Please make sure what you return matches the listing below exactly, minus its pictures.

(Provided data Opens)

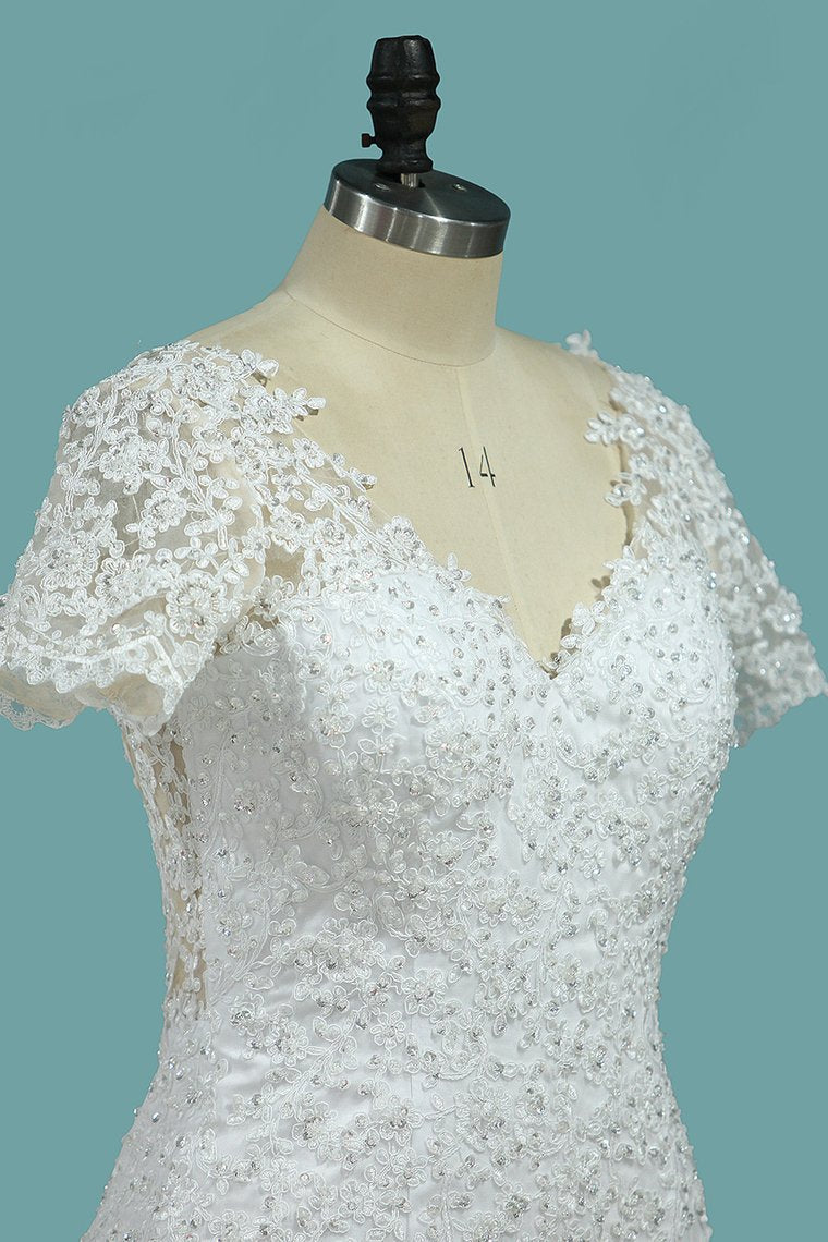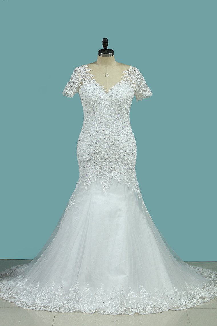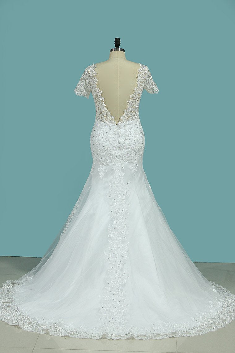 2024 New Arrival Mermaid/Trumpet Wedding Dresses V-Neck Tulle With Applique Short Sleeves
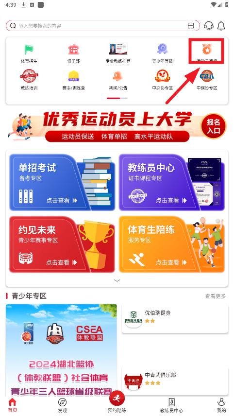 体教联盟app分为三大服务板块:运动员、教练员、教学机构。
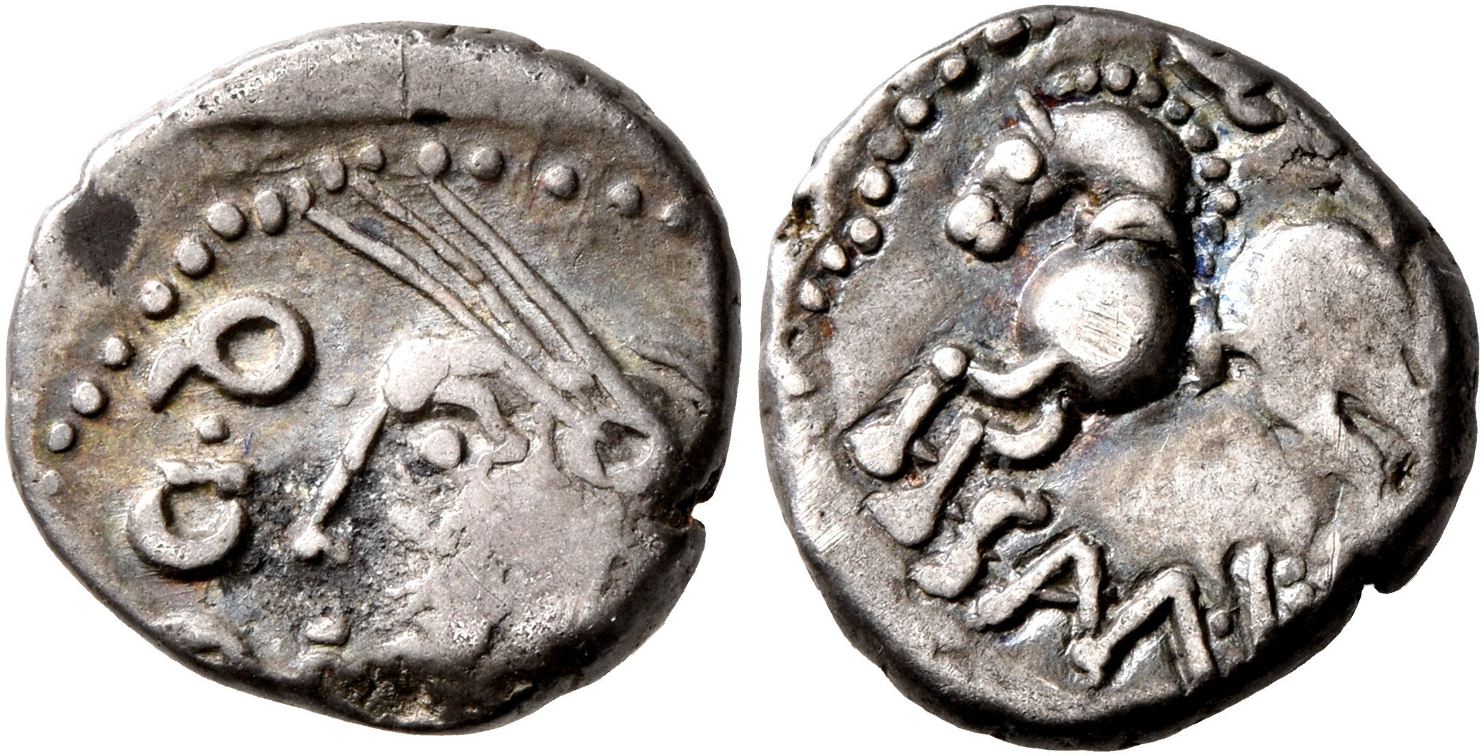 Obv: Q•DOCI, Celticized head of Roma left.

(Provided data Closes)

# [Result]
 2024 New Arrival Mermaid/Trumpet Wedding Dresses V-Neck Tulle With Applique Short Sleeves
 体教联盟app分为三大服务板块:运动员、教练员、教学机构。
 Obv: Q•DOCI, Celticized head of Roma left.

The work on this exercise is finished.